American television journalist

Kelli Arena is an American television journalist known as a former Washington, D.C., correspondent for CNN.

She is the chief of strategic communications for the National Security Agency.
Arena was formerly the Executive Director of the Global Center for Journalism and Democracy at Sam Houston State University, and held the Dan Rather Endowed Chair. She also owned her own communications firm RKC Solutions.

==Career==
Arena started with CNN in 1985 as a production assistant. In 1989 she was named the executive producer of daytime programming for CNN financial news. In 1990, she produced the program Moneyline with Lou Dobbs. In 1991, she went to work for CNN in London as an executive producer for the program World Business Today. She returned to New York in 1992 and was named News Director for all of CNN's financial programming.

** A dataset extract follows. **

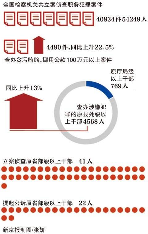 昨天上午,最高人民检察院检察长曹建明向全国人大作工作报告。报告显示,去年检察机关共对41名原省部级以上干部立案侦查,对22名原省部级以上干部提起公诉。
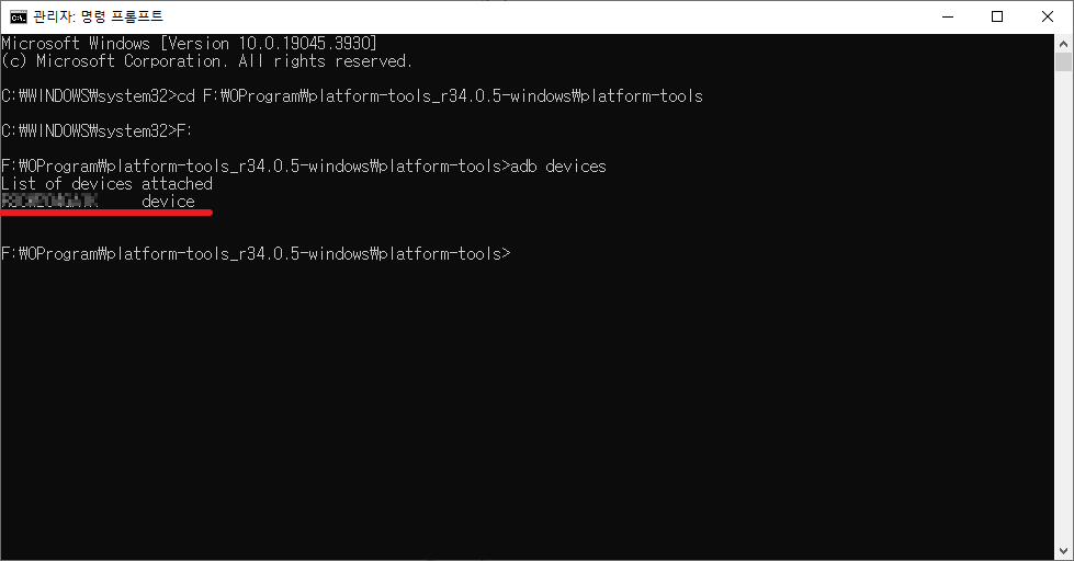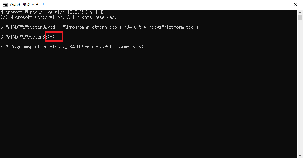 엔터를 치고 아까 붙여넣은 폴더 주소의 드라이브 이름을 한번 더 쳐주면 adb 폴더로 경로가 변경됬다고 보여줍니다.

She started her on-air career in London as a business reporter in 1993, later moving to Tokyo in 1994. In 1995 Arena moved to Washington DC covering U.S. government news as a business reporter. Arena was promoted to Justice Correspondent in 2000.

She had reported for CNN programs American Morning, The Situation Room, and Anderson Cooper 360°.

She left CNN in January 2009.

She appeared as a panelist on truTV's In Session.